# Aerating small ponds without power???



## ahahahni1 (Sep 4, 2006)

I need a plan to build some type of aeration for our small pond. I do not have power out there and was hoping you guys had an idea. I assumed windmill ones were cheap. I was WRONG about that. There's gotta be a cost effective way!!


----------



## plowjockey (Aug 18, 2008)

ahahahni1 said:


> I need a plan to build some type of aeration for our small pond. I do not have power out there and was hoping you guys had an idea. I assumed windmill ones were cheap. I was WRONG about that. There's gotta be a cost effective way!!


You can find solar powered units on eBay for about $300. Not sure how well they work. Thinking about possibly building one myself.

Retail solar aerators are about 6 grand. -ouch.

Also considering building one that is wind driven, but utilizing vanes that are either prop-like, or similar to a wind-speed weather station.
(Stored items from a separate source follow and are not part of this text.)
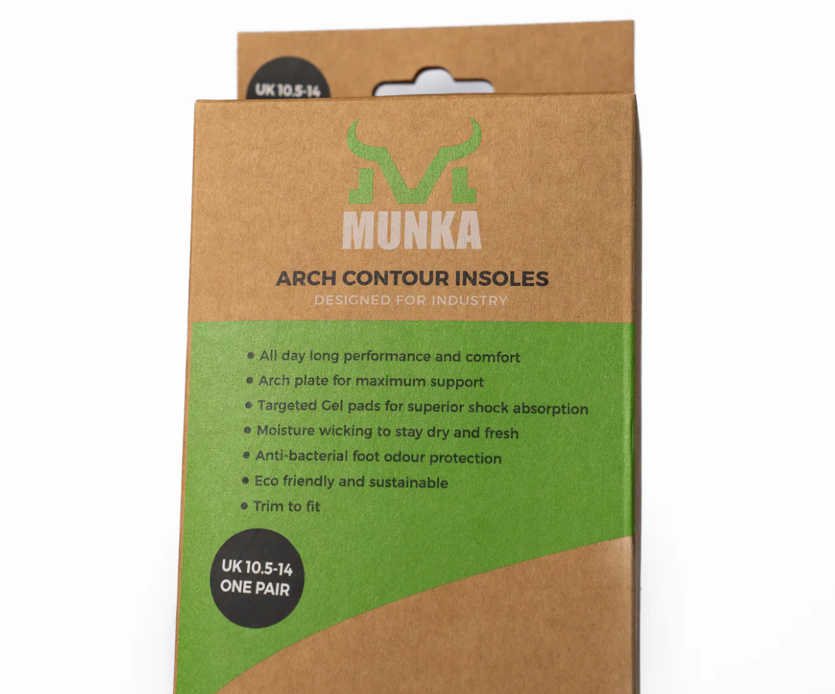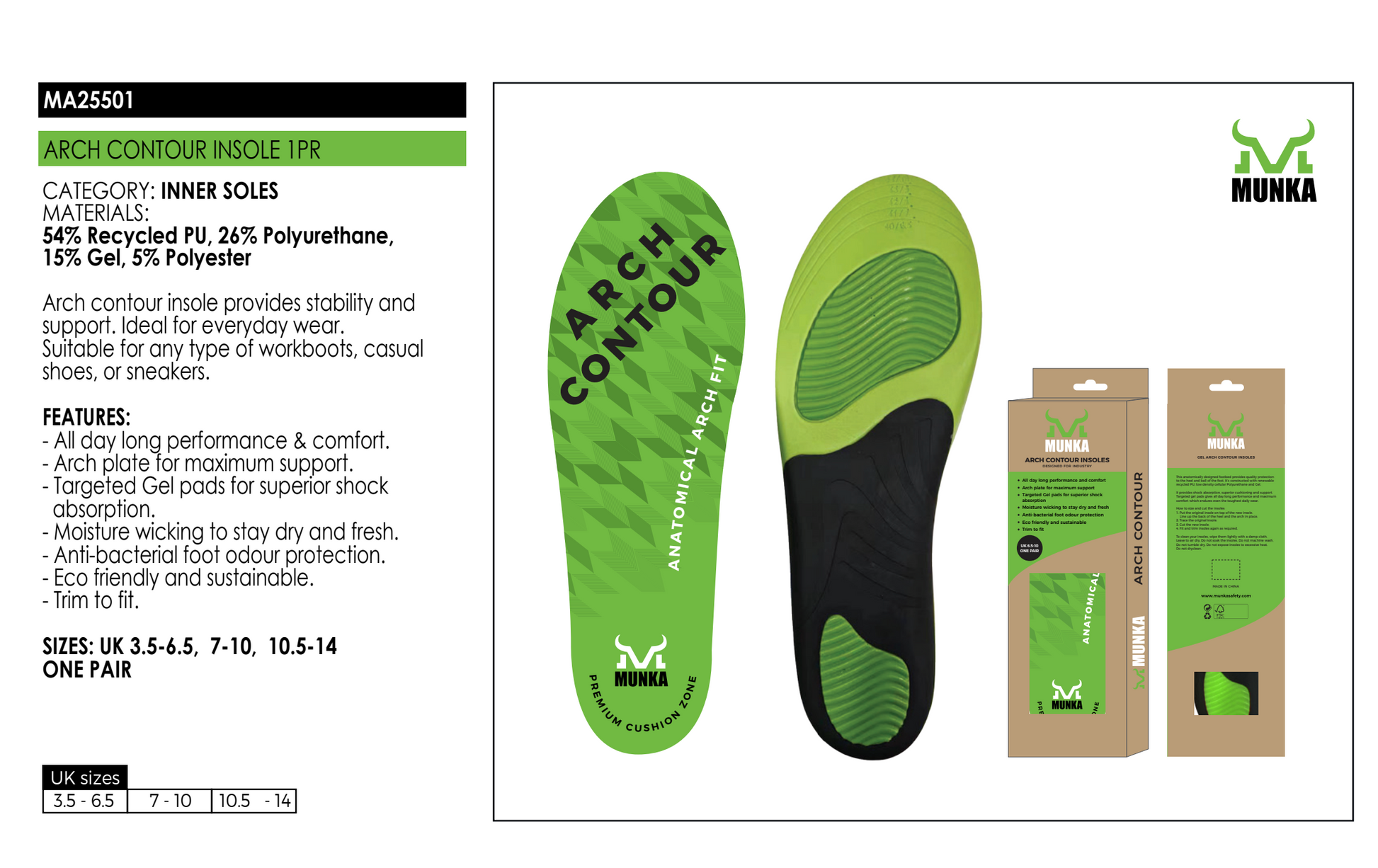 The Munka Arch Contour Insole is composed of 54% recycled PU, 26% polyurethane, 15% gel, and 5% polyester, offering exceptional stability and support. This insole is versatile and can be used in various types of footwear, including workboots, casual shoes, or sneakers. It meets the Australian Standard AS 2210.3:2019 and provides all-day performance and comfort. With an arch plate for maximum support and targeted Gel pads for superior shock absorption, this insole also features moisture-wicking material to keep your feet dry and fresh. Plus, it offers anti-bacterial protection against foot odour. Trim to fit for optimal fit and enjoy the eco-friendly and sustainable design.
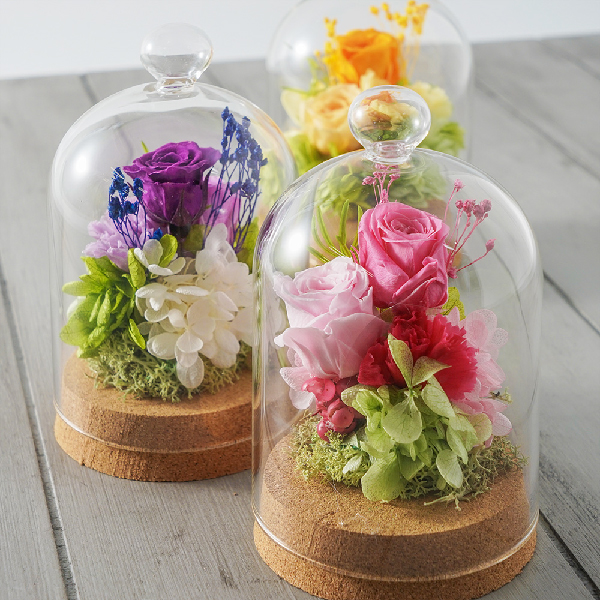 | 内容 | プリザーブドフラワー:ローズ、カーネーション、アジサイ、ペッパーベリー、他 ガラス、コルク |
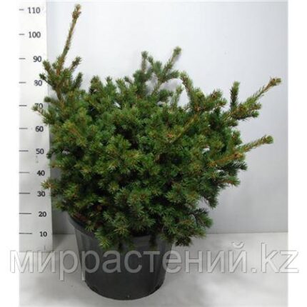 Медленнорастущее дерево с нерегулярной ширококонической формой кроны. Крона часто кустовидная, неправильная, без выраженного лидера с несколько приподнятыми и дугообразно свисающими ветвями.К 10 годам достигает высоты 3–4 метра и диаметра кроны 1– 2 метра. Годовой прирост в высоту 10 см., в ширину – 8 см. Кора в молодом возрасте буроватая, гладкая, позже – красновато-бурая, чешуйчато-шероховатая. Хвоя игловидная, четырехгранная, остроконечная, длиной 1 – 2 см., толщиной – 0,1 см., темно-зеленая. Сохраняется на ветвях 6 – 12 лет. Цветет в мае. Во время цветения мужские колоски красновато-желтые, женские шишечки ярко пурпурные. Семенные шишки цилиндрические, крупные. Незрелые семенные шишки яркие, красные; зрелые – светло бурые, свисающие вниз. Шишки расположены на концах ветвей. Часто виден постепенный переход от хвоинок к чешуйкам шишки.

These both will utilize an inexpensive low volume compressor pump.

Hope any of this helps.


----------



## ahahahni1 (Sep 4, 2006)

Yes, a wind powered unit would be great since its always windy here. I can't find plans though. Something not too intrecate. I don't have a workshop. But it has to work.


----------



## watcher (Sep 4, 2006)

The BiL has one, IIRC, which is made from a 55 gal drum (cut in half and welded in an S shape onto a shaft with an old metal fan blade on bottom. Wind blows, turns the drum which turns the fan blade. Not fancy but it works. I'm sure you could do the something similar w/o a welder.


----------



## ahahahni1 (Sep 4, 2006)

oh oh do you have pictures?


----------



## watcher (Sep 4, 2006)

ahahahni1 said:


> oh oh do you have pictures?


Sorry no pics. Just use your imagination and you can come up with something similar. 

Google _vertical_ and/or _Savonius_ windmills.


----------